§ Aim of the exercise: With the pictures left out, write out exactly the lines of the listing below that run from the line with "閥門設(shè)備則一般在運" through the line with "YouTube 上的在线实验结果如下表所示,其中 MMoE".

§ Data supplied:
========================================================================

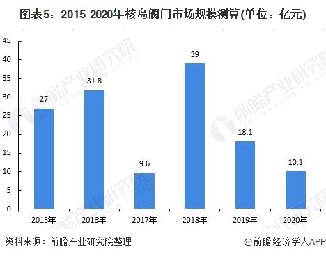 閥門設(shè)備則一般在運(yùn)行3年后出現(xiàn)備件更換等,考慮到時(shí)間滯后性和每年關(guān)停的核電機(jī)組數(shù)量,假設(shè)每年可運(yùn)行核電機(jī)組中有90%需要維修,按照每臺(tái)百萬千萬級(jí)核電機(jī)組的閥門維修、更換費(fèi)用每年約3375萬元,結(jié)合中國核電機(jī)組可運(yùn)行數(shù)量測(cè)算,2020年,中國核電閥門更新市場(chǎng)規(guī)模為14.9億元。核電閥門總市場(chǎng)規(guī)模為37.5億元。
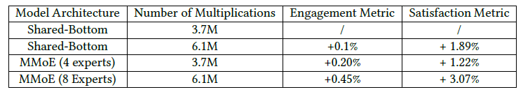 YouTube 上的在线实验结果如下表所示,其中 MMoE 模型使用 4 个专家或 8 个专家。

========================================================================

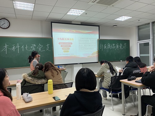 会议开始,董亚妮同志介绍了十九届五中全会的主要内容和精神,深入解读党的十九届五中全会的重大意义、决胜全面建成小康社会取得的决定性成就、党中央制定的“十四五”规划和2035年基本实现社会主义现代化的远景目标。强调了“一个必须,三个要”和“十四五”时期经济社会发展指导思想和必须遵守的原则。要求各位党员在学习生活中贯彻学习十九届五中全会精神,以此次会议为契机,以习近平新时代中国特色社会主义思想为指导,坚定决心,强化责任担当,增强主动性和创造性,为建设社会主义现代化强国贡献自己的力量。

========================================================================

§ Response:
 閥門設(shè)備則一般在運(yùn)行3年后出現(xiàn)備件更換等,考慮到時(shí)間滯后性和每年關(guān)停的核電機(jī)組數(shù)量,假設(shè)每年可運(yùn)行核電機(jī)組中有90%需要維修,按照每臺(tái)百萬千萬級(jí)核電機(jī)組的閥門維修、更換費(fèi)用每年約3375萬元,結(jié)合中國核電機(jī)組可運(yùn)行數(shù)量測(cè)算,2020年,中國核電閥門更新市場(chǎng)規(guī)模為14.9億元。核電閥門總市場(chǎng)規(guī)模為37.5億元。
 YouTube 上的在线实验结果如下表所示,其中 MMoE 模型使用 4 个专家或 8 个专家。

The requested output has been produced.